*Exercise directions:* For this listing, reproduce the line with "发令枪响,参赛者向着桃花盛开", the line with "Outer space, astronaut", and the lines between, exactly as they stand. Leave out pictures and all other lines.

*Exercise data:*
BEGIN

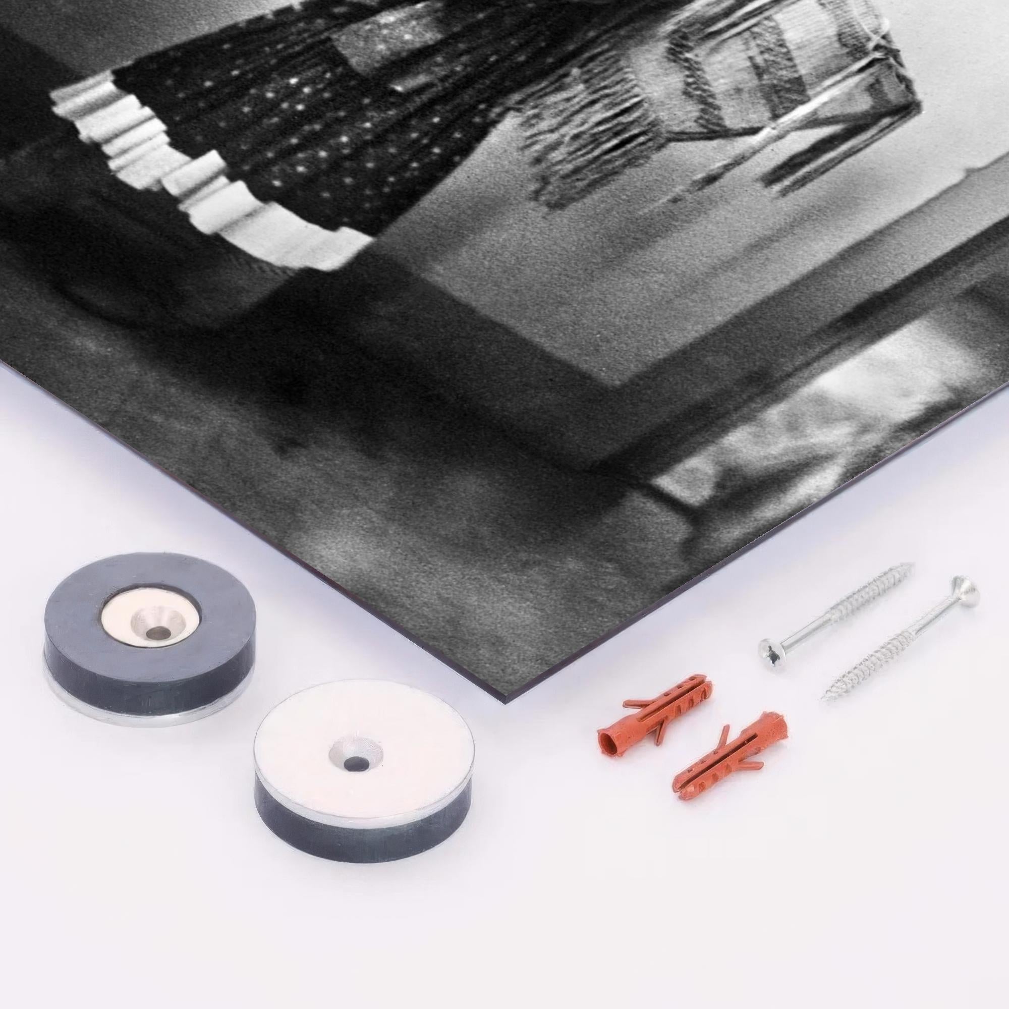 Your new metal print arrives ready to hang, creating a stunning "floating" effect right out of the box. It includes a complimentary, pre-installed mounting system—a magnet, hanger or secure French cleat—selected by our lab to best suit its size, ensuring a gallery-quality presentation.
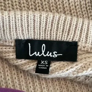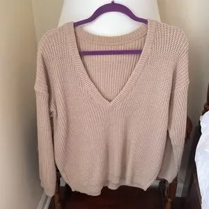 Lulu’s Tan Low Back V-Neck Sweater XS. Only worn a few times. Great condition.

END
BEGIN

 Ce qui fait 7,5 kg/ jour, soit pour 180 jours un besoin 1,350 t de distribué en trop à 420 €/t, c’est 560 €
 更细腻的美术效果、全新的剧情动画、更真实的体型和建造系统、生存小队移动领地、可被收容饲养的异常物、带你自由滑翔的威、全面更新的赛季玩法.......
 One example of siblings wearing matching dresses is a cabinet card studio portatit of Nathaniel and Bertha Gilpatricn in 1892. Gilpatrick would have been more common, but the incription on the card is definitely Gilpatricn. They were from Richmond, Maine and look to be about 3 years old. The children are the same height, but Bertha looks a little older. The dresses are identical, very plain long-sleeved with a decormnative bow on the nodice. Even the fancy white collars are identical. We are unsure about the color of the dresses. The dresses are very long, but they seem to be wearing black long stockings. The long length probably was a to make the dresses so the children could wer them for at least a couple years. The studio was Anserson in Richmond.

END
BEGIN

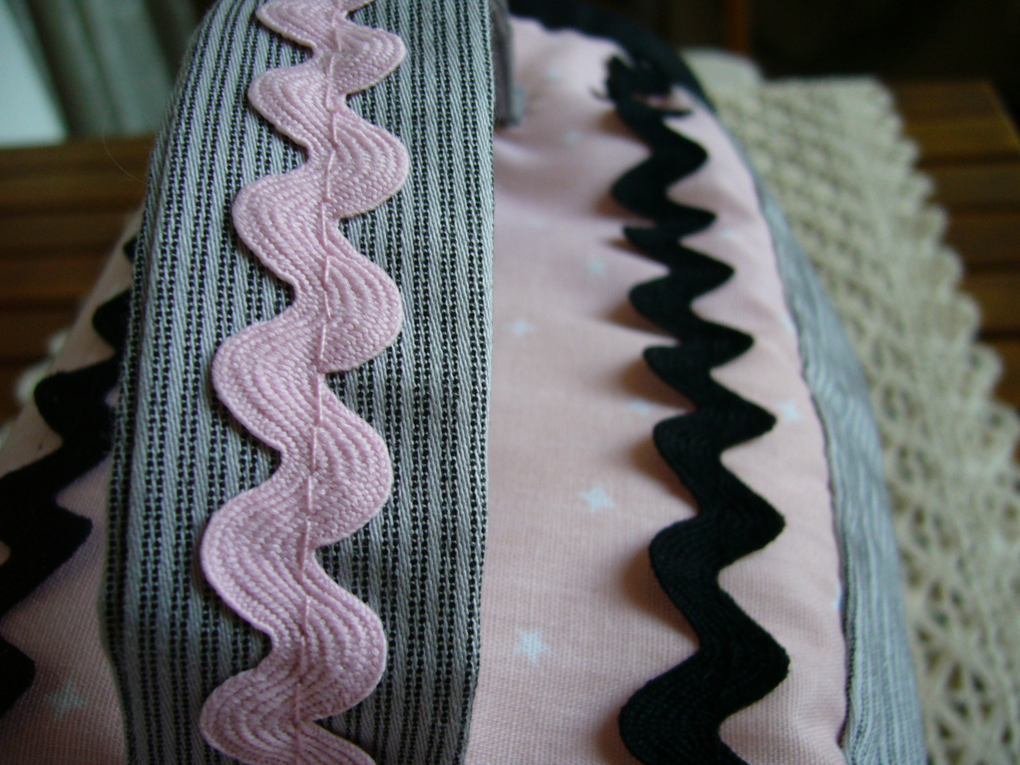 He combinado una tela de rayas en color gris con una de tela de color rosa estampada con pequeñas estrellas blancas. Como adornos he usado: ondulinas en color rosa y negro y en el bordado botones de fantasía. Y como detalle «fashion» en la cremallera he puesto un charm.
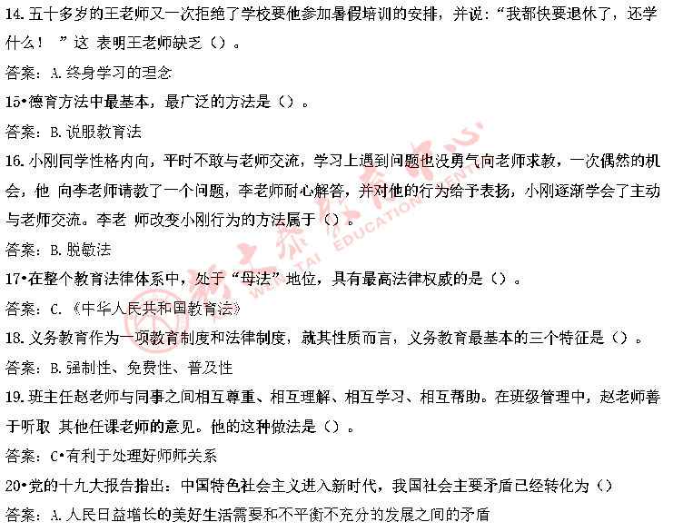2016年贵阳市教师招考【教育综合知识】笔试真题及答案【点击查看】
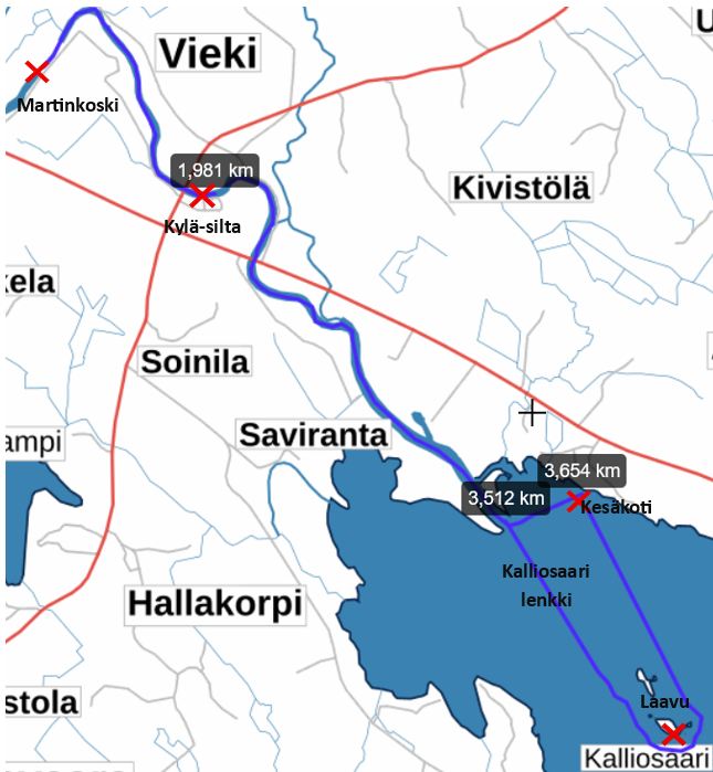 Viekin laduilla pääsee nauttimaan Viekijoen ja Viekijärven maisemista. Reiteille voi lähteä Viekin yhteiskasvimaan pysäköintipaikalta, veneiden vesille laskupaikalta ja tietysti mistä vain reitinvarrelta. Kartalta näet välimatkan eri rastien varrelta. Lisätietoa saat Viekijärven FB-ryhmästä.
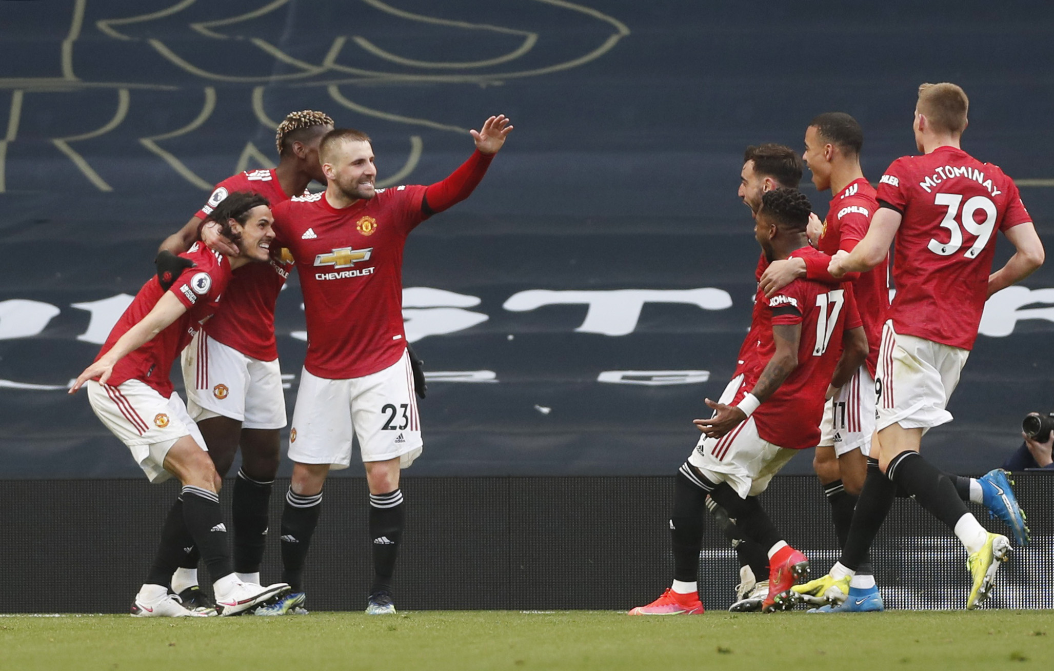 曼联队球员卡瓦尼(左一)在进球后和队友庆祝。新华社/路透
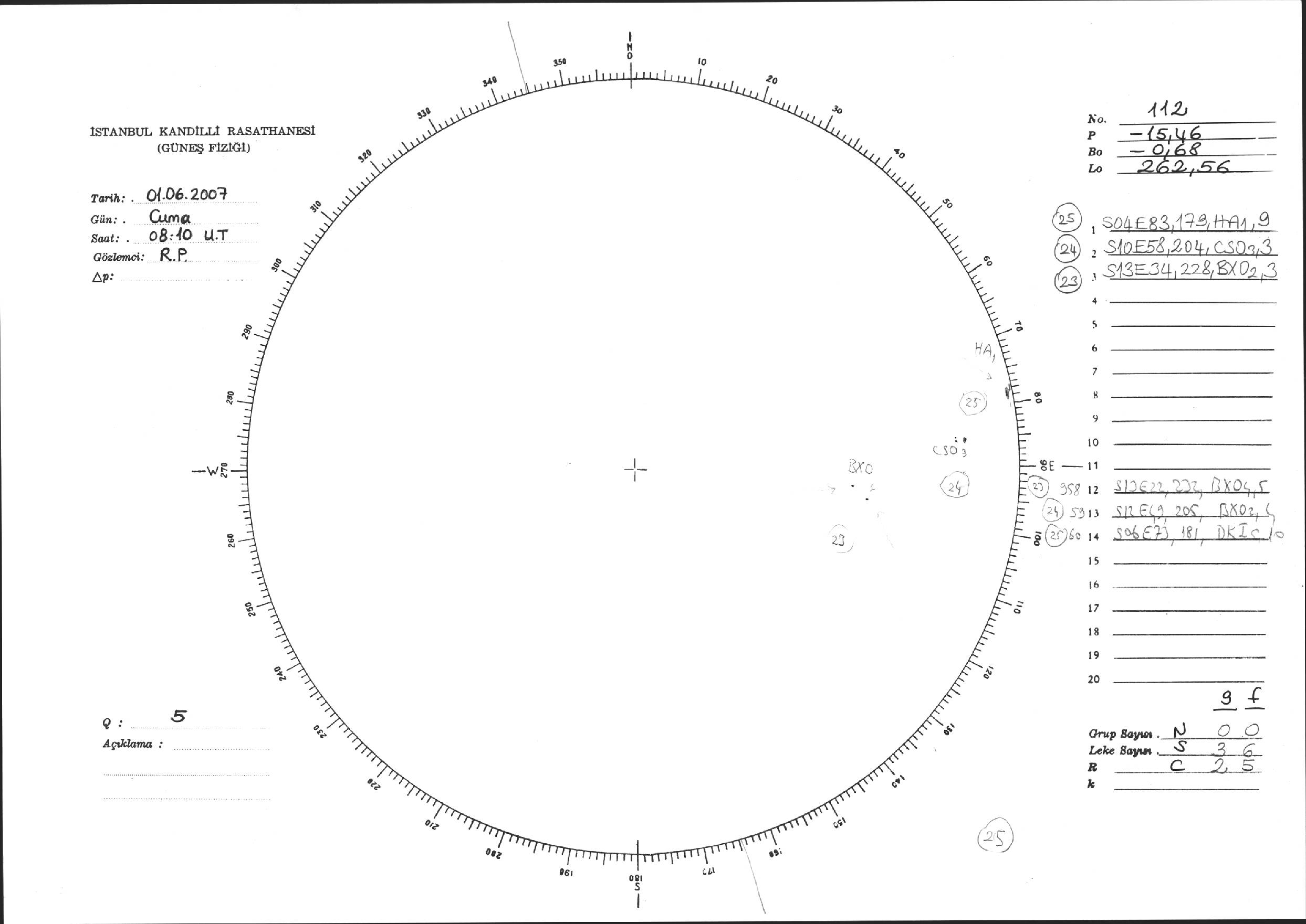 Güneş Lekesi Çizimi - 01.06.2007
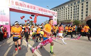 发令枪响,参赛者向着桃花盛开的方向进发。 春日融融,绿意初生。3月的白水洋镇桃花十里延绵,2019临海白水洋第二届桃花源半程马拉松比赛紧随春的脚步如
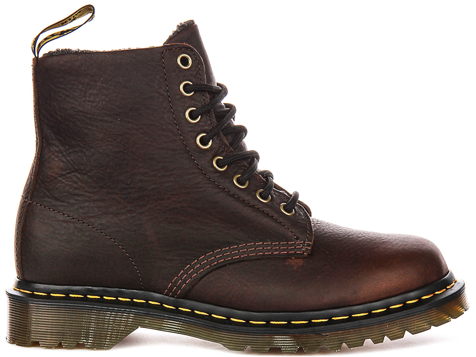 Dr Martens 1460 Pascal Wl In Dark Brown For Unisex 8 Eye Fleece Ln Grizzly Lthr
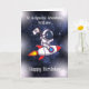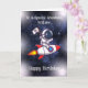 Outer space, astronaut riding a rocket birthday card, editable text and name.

END

*Expected output:*
 发令枪响,参赛者向着桃花盛开的方向进发。 春日融融,绿意初生。3月的白水洋镇桃花十里延绵,2019临海白水洋第二届桃花源半程马拉松比赛紧随春的脚步如
 Dr Martens 1460 Pascal Wl In Dark Brown For Unisex 8 Eye Fleece Ln Grizzly Lthr
 Outer space, astronaut riding a rocket birthday card, editable text and name.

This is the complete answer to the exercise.